• To do
The expected answer is a verbatim transcription of the lines below, beginning with the first and ending with the line that holds "Das echt drahtlose", without pictures.

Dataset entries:
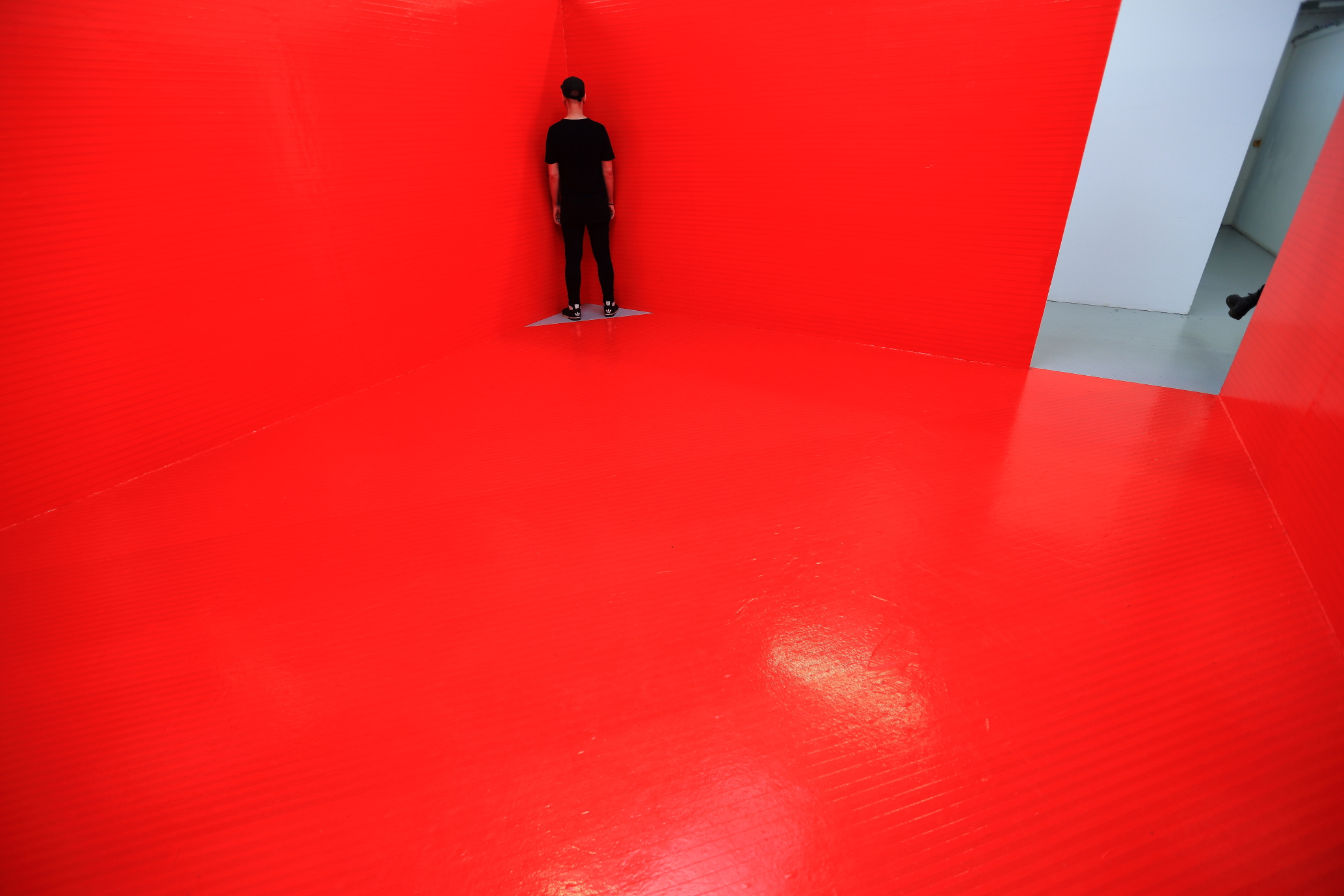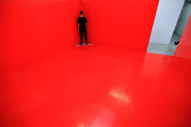 In his latest work, called “Paradox”, Pierce takes these ideas one stage further.  In the 1st phase of the work, the white exhibition  space was systematically covered on all sides with red tape, leaving a small triangle in one corner. Each layer of tape represented “the stifling layers of protocol”
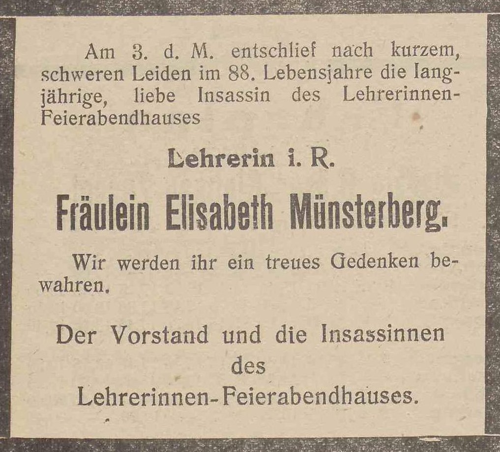 Münsterberg, Elisabeth, Lehrerin a. D.
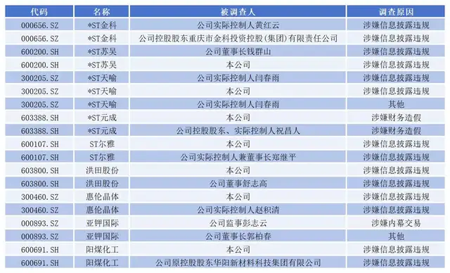 *ST金科、亚钾国际2家公司虽然公司本身没有被立案调查,但前者实控人和控股股东均被立案调查,后者董事长和监事均被立案调查。
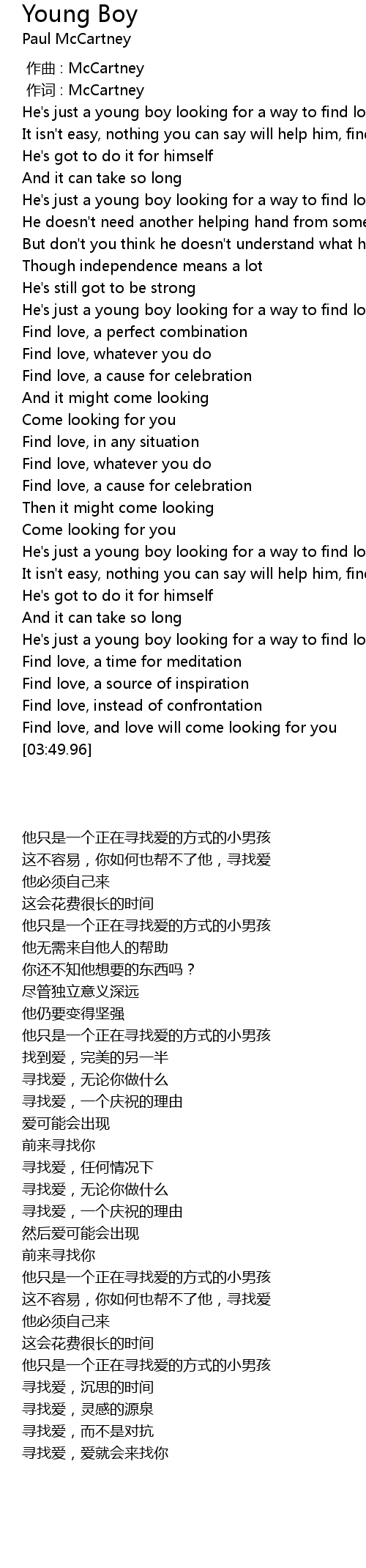 | [00:01.00] | 作词 : McCartney |
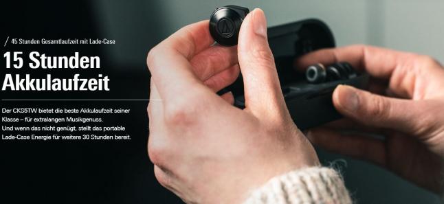 Das echt drahtlose Design der ATH-CKS5TW erlaubt ein Hörerlebnis mit ultimativem Komfort und Bewegungsfreiheit. Genießen Sie leistungsstarken High-Fidelity-Ton unterwegs - ohne Kabel, die Sie zurückhalten.
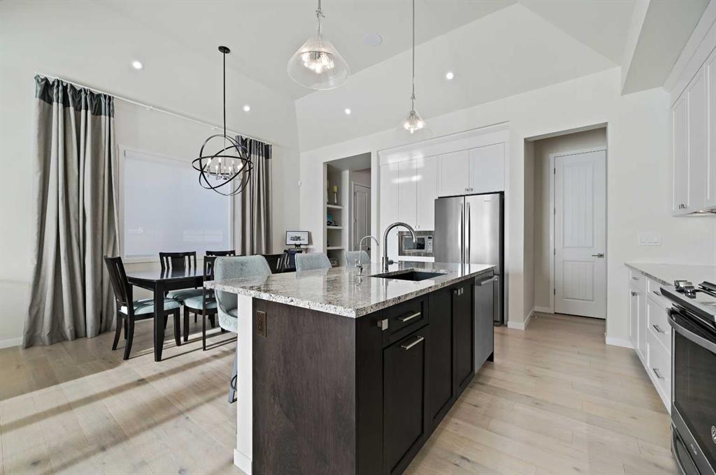 Experience refined living in this luxurious semi-detached villa bungalow, perfectly situated in the prestigious community of Riverstone — just steps from the tranquil Bow River and scenic walking and running paths. From the moment you step inside, you’ll be captivated by the home’s 10-foot ceilings, open-concept design, and abundant natural light that create an atmosphere of effortless elegance. The chef-inspired kitchen is a true showpiece, featuring stainless steel appliances, granite countertops, and an oversized island ideal for both culinary creativity and stylish entertaining. The living room exudes sophistication with its gas fireplace as the focal point and double patio doors leading to a private backyard oasis. The primary suite is a serene retreat complete with a spa-like ensuite featuring a dual vanity, heated floors, water closet, and a beautifully appointed California walk-in closet. Conveniently located off the mudroom/laundry area, a two-piece powder room and double attached garage provide both practicality and ease. Lower level offers exceptional versatility with 2 spacious bedrooms, a full bathroom, and an expansive recreation area perfect for entertaining or relaxing. A dedicated gym, home office, or den adds even more flexibility to suit your lifestyle. Every closet throughout the home is generously sized, offering abundant storage and thoughtful design at every turn. Additional highlights include central air conditioning, professional landscaping, Gemstone exterior lighting, fully finished drywalled garage, underground irrigation, and upgraded dishwasher, washer and dryer. Discover the perfect harmony of comfort, style, and quality craftsmanship in this remarkable Riverstone residence — a home that truly exceeds expectations!

• Exercise response
 In his latest work, called “Paradox”, Pierce takes these ideas one stage further.  In the 1st phase of the work, the white exhibition  space was systematically covered on all sides with red tape, leaving a small triangle in one corner. Each layer of tape represented “the stifling layers of protocol”
 Münsterberg, Elisabeth, Lehrerin a. D.
 *ST金科、亚钾国际2家公司虽然公司本身没有被立案调查,但前者实控人和控股股东均被立案调查,后者董事长和监事均被立案调查。
 | [00:01.00] | 作词 : McCartney |
 Das echt drahtlose Design der ATH-CKS5TW erlaubt ein Hörerlebnis mit ultimativem Komfort und Bewegungsfreiheit. Genießen Sie leistungsstarken High-Fidelity-Ton unterwegs - ohne Kabel, die Sie zurückhalten.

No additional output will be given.